- Location of Horn within Rhein-Hunsrück-Kreis district
- Horn Horn
- Coordinates: 50°2′48″N 7°32′32″E﻿ / ﻿50.04667°N 7.54222°E
- Country: Germany
- State: Rhineland-Palatinate
- District: Rhein-Hunsrück-Kreis
- Municipal assoc.: Simmern-Rheinböllen

Government
- • Mayor (2019–24): Volker Härter

Area
- • Total: 6.86 km^{2} (2.65 sq mi)
- Elevation: 440 m (1,440 ft)

Population (2022-12-31)
- • Total: 332
- • Density: 48/km^{2} (130/sq mi)
- Time zone: UTC+01:00 (CET)
- • Summer (DST): UTC+02:00 (CEST)
- Postal codes: 55469
- Dialling codes: 06766
- Vehicle registration: SIM
- Website: www.horn-hunsrueck.de

= Horn, Rhineland-Palatinate =

Horn (/de/) is an Ortsgemeinde – a municipality belonging to a Verbandsgemeinde, a kind of collective municipality – in the Rhein-Hunsrück-Kreis (district) in Rhineland-Palatinate, Germany.
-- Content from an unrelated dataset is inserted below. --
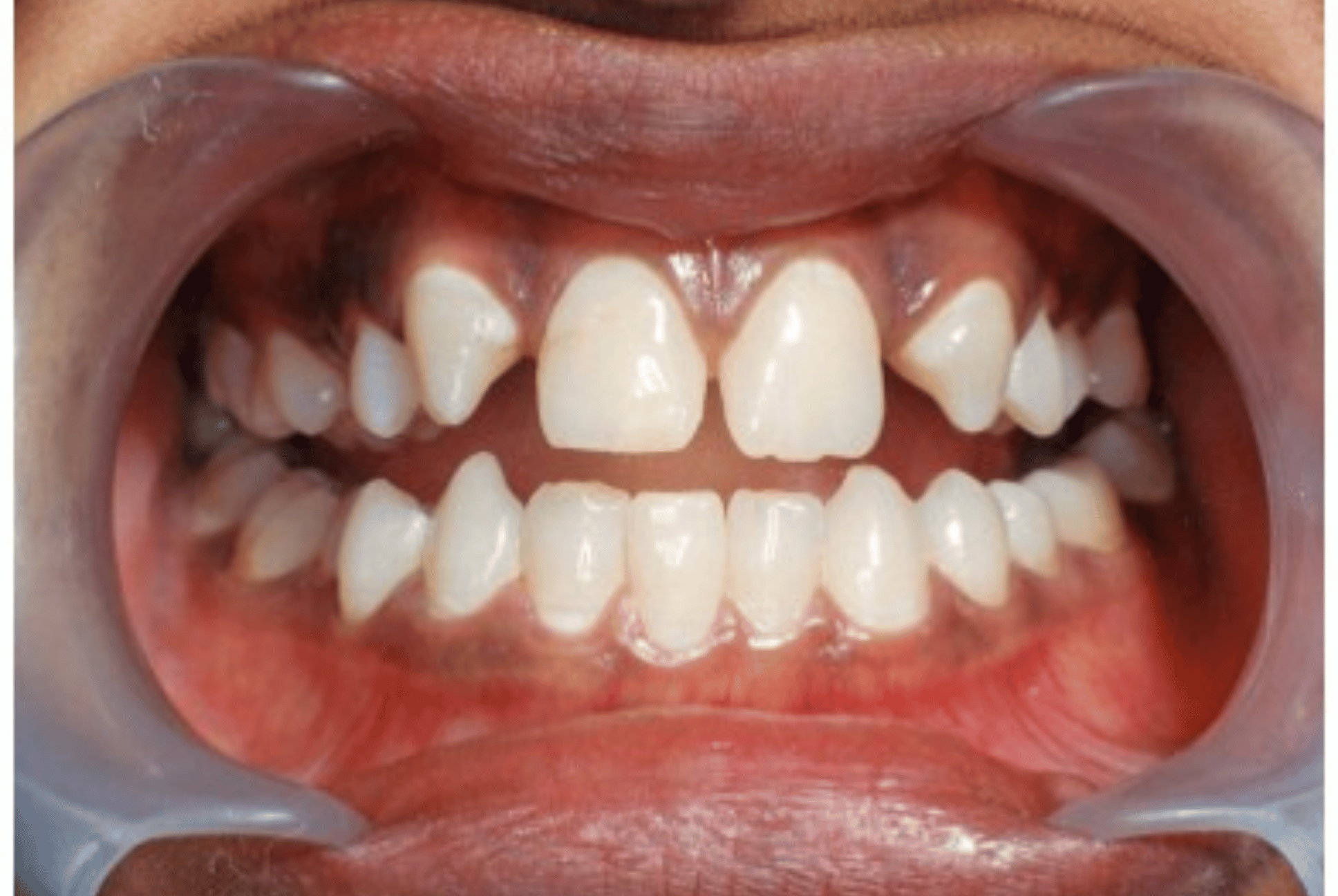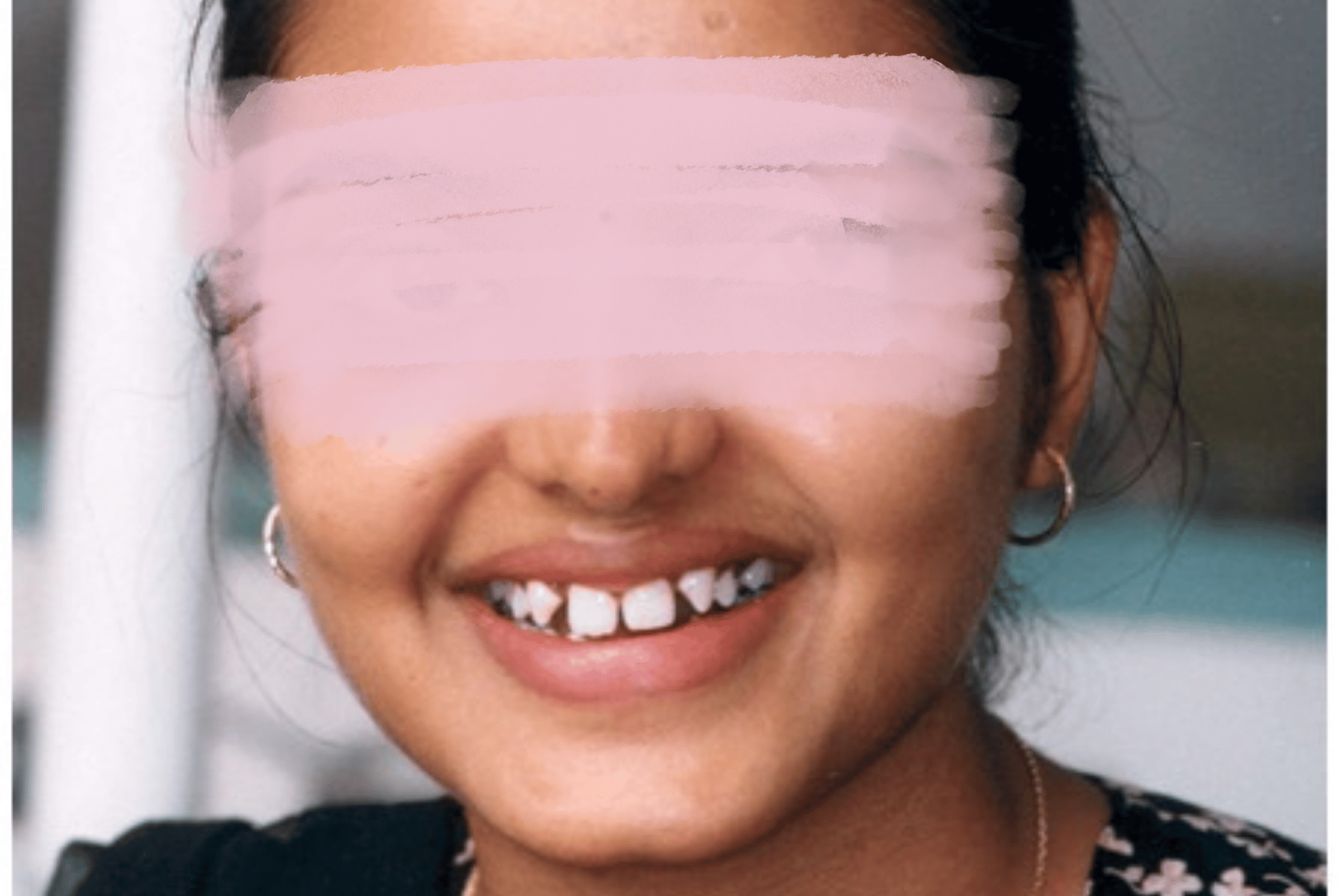 A patient’s smile makeover at Dr. Cherian’s dental clinic, showcasing the dramatic results of a single metal-free crown and veneers to correct teeth and close a gap

It belongs to the Verbandsgemeinde Simmern-Rheinböllen, whose seat is in Simmern.

==Geography==

===Location===
The municipality lies in the Hunsrück roughly 7 km east-southeast of Kastellaun and 6 km north of Simmern.

==History==
Bearing witness to early human habitation in the Horn area are Roman and Neolithic archaeological finds. There is also a mediaeval motte-and-bailey castle.

In the 12th century, Horn had its first documentary mention in connection with the noble family that bore the same name, but it seems that the actual “first mention” in 1135 is a falsified document. Nevertheless, a genuine document from 1166 has the same contents and names the same persons, thus confirming the 12th century, at least, as the earliest time when the village is known to have existed.

Together with Laubach and Bubach, Horn belonged at this time to the imperial demesne, the Reichsgut. Landholdings seem to have been held by a noble family von Horn. It could be that this family's noble seat was at the castle, the Horner Burg. The complex's remnants can be found west of the village. In shape it was a special form of motte-and-bailey. In 1567, Johann von Koppenstein sold Meinhard von Schöneberg the remnants.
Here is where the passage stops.